PHOTO COURTESY OF SCORPIO EAST |
Set in an emerging China where civil war ravages throughout the land, the Shaolin monastery is seen as the last bastion of hope for those beleaguered by the endless strife. Andy Lau plays Hou Jie, a ruthless warlord who trespasses into sacred Shaolin territory in search of a runaway. In an ironic twist of atonement and redemption, however, he finds himself turning to these very same monks for refuge himself.
A remake of Jet Li’s 1982 movie, The Shaolin Temple, Shaolin boasts a string of high-wattage stars besides Lau—Fan Bingbing as Hou Jie’s wife, Nicholas Tse as his back-handed apprentice, and Jackie Chan with a substantial cameo role. The production set includes a full construction of the sacred Shaolin Temple itself as filming in the actual shrine was prohibited for fear of damaging it.

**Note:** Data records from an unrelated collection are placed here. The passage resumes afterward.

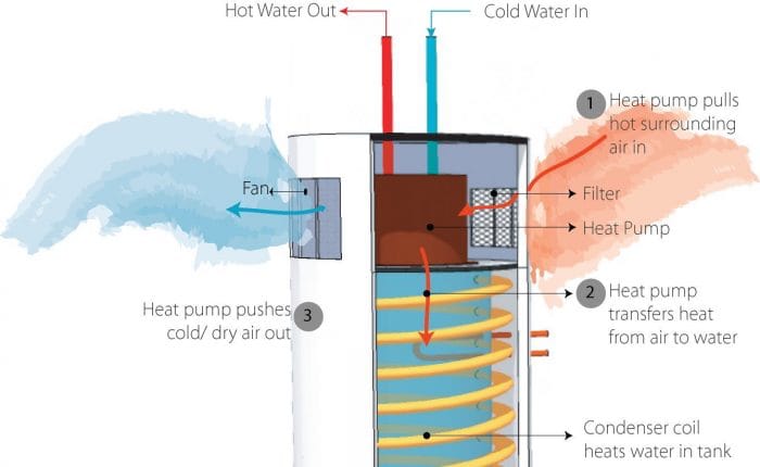 Air-to-water two-way ACs transfer heat from the ambient air into refrigerant on one side and into water or another fluid on the other side. A common example is heat pump water heaters, which move heat into water for household use. These systems can be extended with secondary loops using fluids like water or glycol for space heating.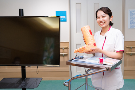 また、毎日の糖尿病教室の企画や毎年、糖尿病週間の開催にも力を注いでいます。看護師全員がお互いを思いやり、お互いさまの精神で支え合い助け合える病棟です。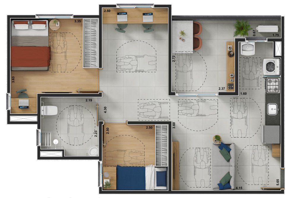 Área Privativa: 65 m²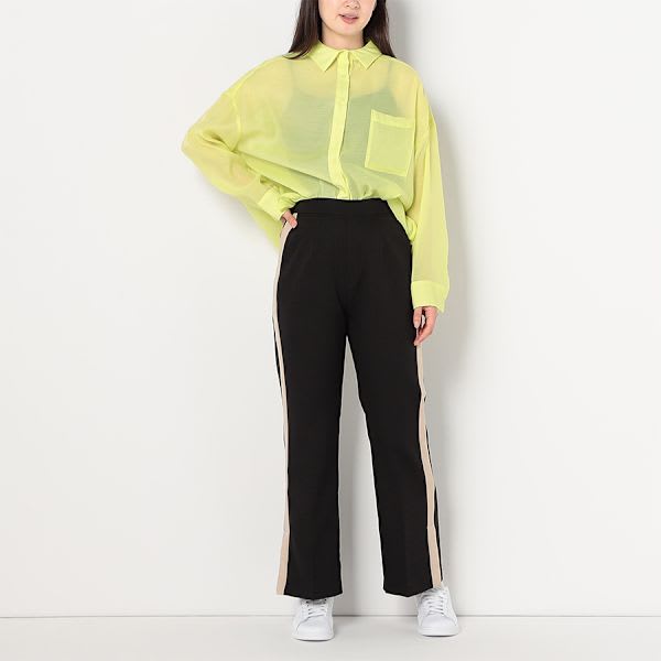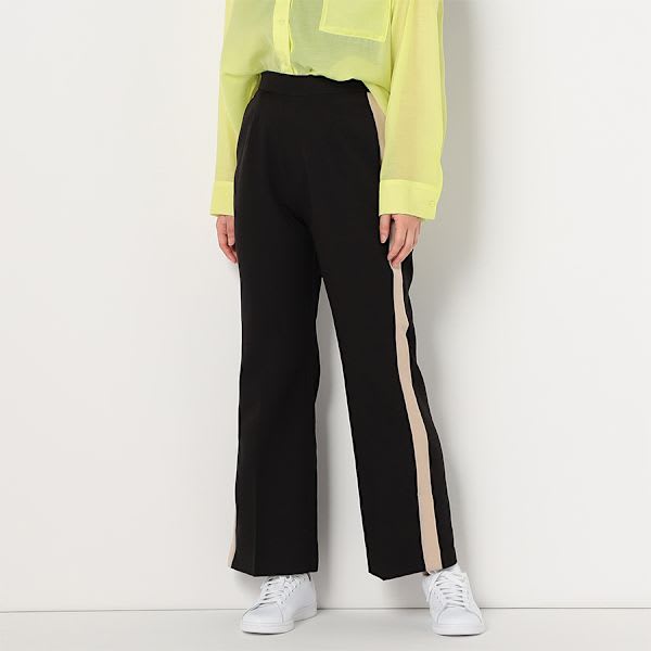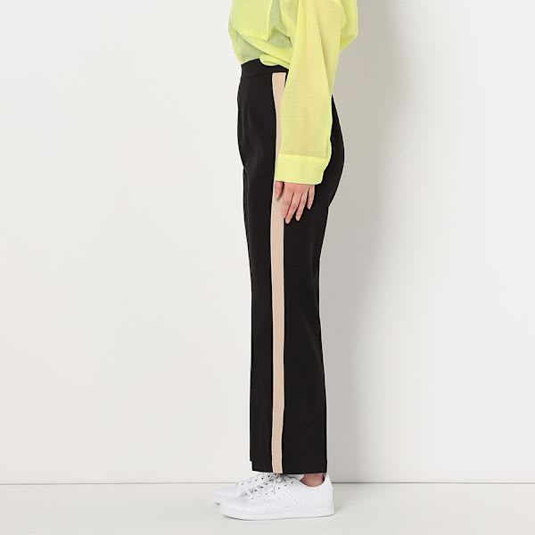バイカラーデザインとサイドスリットがポイントとなったワイドパンツです。コットンシャツを合わせてクールなスタイルに、カットソーを合わせてカジュアルダウンしたスタイルも素敵ですよ。

There are minor quibbles—who really needs to see another token Caucasian spouting Mandarin in a sing-song manner? But as the movie got thicker into the action, I was seamlessly immersed into the narrative flow, buoyed by sweeping cinematography. It is an epic production of humanity, suspense and melodrama, and Lau lends admirable gravity to his character as villain, refugee and finally, victor.